Drop a factory round into the chamber and ride the bolt home. Use the forward assist to fully close the bolt. Then manually extract.

Do the same with your handloads and see if there is any more resistance compared to the factory rounds. If so, you probably have a sizing issue. If not, it may be a issue with the bullet design/seating depth feeding into the chamber.

Keep it wet.


----------



## trial&error (Feb 22, 2014)

once fired with the heat and pressure the brass is basically resized thats why it ejects after pulling the trigger.


----------



## devin25gun (Mar 7, 2014)

Sounds like your cases aren't sized right.  Probably the shoulders on the cases it sounds like.  Also what kind of bullet types are you using. Ive had issues with some ballistic tips but usually when I increase the oal ...Also there is a oal on ar's specifically.  They are not the same as a bolt rifle.


----------



## Apex Predator (Mar 12, 2014)

She is having trouble feeding anything from the mags now.  She is headed back to Ruger today.  Sure hope they can sort it out, because I love the gun!  If it's not reliable, I don't want it.


----------



## fathersam (May 5, 2014)

It sounds like short cycling. Bolt is not going all the way back to come back with enough force to take the next bulet from the mag . sending the rifle back to the manufacturer is the best option.


----------



## Apex Predator (May 6, 2014)

They re-barreled the rifle, and polished the chamber.  Feeds factory stuff now fine.


----------



## wareagle700 (May 6, 2014)

Good deal!

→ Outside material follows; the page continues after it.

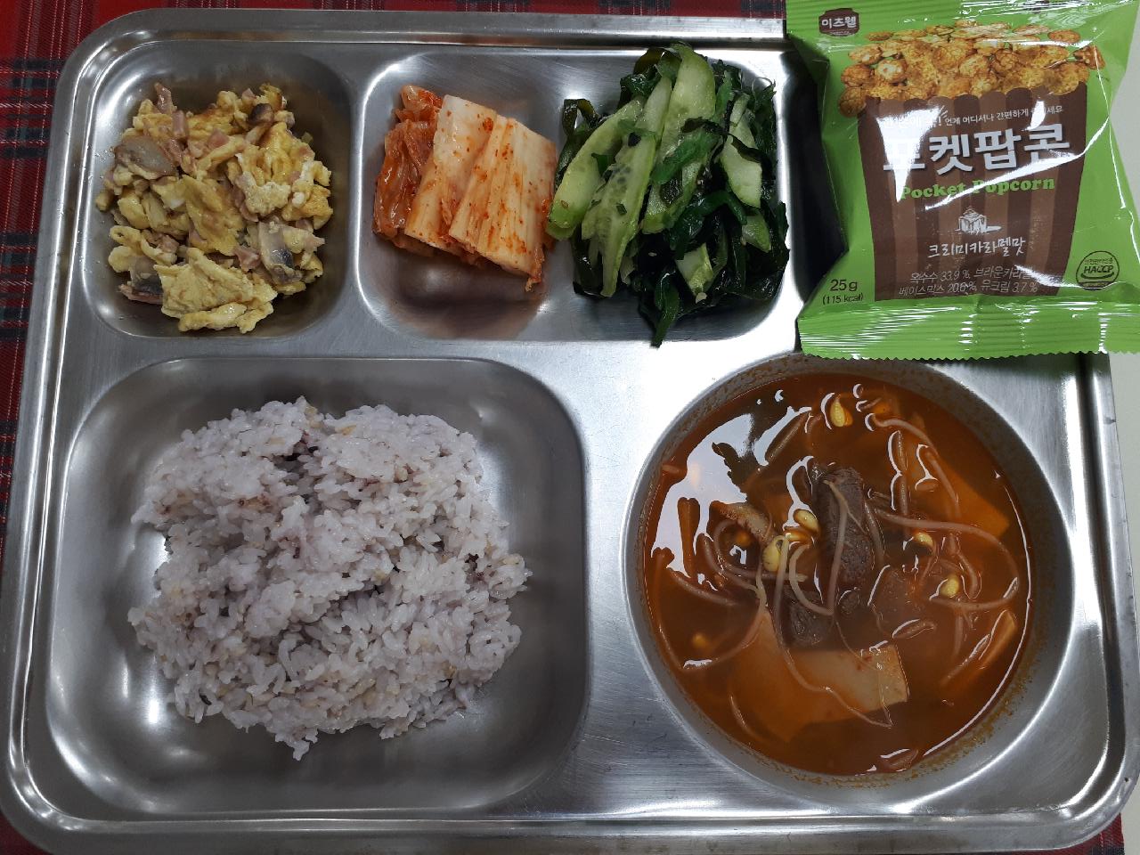 석식 : 혼합잡곡밥, 소고기버섯찌개, 양송이스크램블, 오이해초무침, 배추김치, 포켓팝콘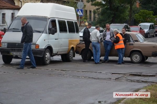 Сегодня утром в центре Николаева на пересечении улиц Чкалова и 3-й Слободской столкнулись два автомобиля: микроавтобус «Газель» и «Жигули».

Glad it got worked out.


----------



## trial&error (May 8, 2014)

How about the reloads?


----------



## Apex Predator (May 9, 2014)

Same, same on the reloads.  I've got quite a bit of good military rounds, and just bought a few hundred to get me by until I need the good stuff.  I'll just not shoot reloads, or use small base dies.


----------



## Early-14 (May 9, 2014)

I don't know what brass you are reloading  (head stamp ), but some brass with a thick case neck will swell the case below the neck when the bullet is seated.  The same happens when cases have be reloaded several times.  The case neck gets thicker and we must thickness trim the case neck to specs.  (Just saying,  some thing to check )


----------